Summed up? It's how they use the money they make that I question. The simplton statements of "it's a business" lack the nuances of the complexities that surround the Walt Disney World Resort. It's more than profit margin - it's what they do with those profits.
 

PhotoDave219

Well-Known Member
The new outer ring and paths will and as already has done wonders for traffic flow. So no, it will be much less likely to be "trapped" the barren MK Hub desert.

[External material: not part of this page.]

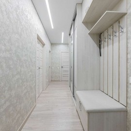 Жильё с удобной планировкой и рациональным распределением функций. Входная часть - коридор с большим встроенным хранилищем и минималистичными дверями. Напольное покрытие светлое, освещение точечное. Кухня и гостиная объединены в одно открытое пространство. Линейный...

A parklike hub would be beautiful no doubt. But there is no way it fits in modern MK. It would be nightmare.

BUT many say they miss how the mature trees provided better perspective fir Main Street and the castle. So would it have been possible to keep some large trees right at the end of MSUSA to keep that view intact, then open up into an open, functional hub? I'd dig that.

I miss the trees.

But that was 12 years ago.
 

psuchad

Active Member
There has been a lot of general statements of Disney not doing enough with their capital at WDW. Please share what you would like them to do with it. As far as I can see they are making a ton of investment to the property. They have several major projects currently under construction and several coming down the pipe.
 

jkpmac

Member
I have been following this argument about trees verses no trees, but as I see it, the hub design is reminiscent of the garden's at Versailles. In that design any large trees are in the periphery. And by Periphery I mean the big trees are so far to the side that they would not offer any shade opportunities in the "garden". In the gardens in front of the castle, the trees that are present are small, and many are in planters. Also I wonder if part of the design was from complaints of visitors who felt trees blocked photo opportunities over the years. We can complain all we want in this forum, and Disney may keep an eye, but I bet they pay more attention to complaints made directly. If more people complained about the trees directly to Disney than those who wanted them to stay, then the trees go. This is a great debate however, any personal attacks aside.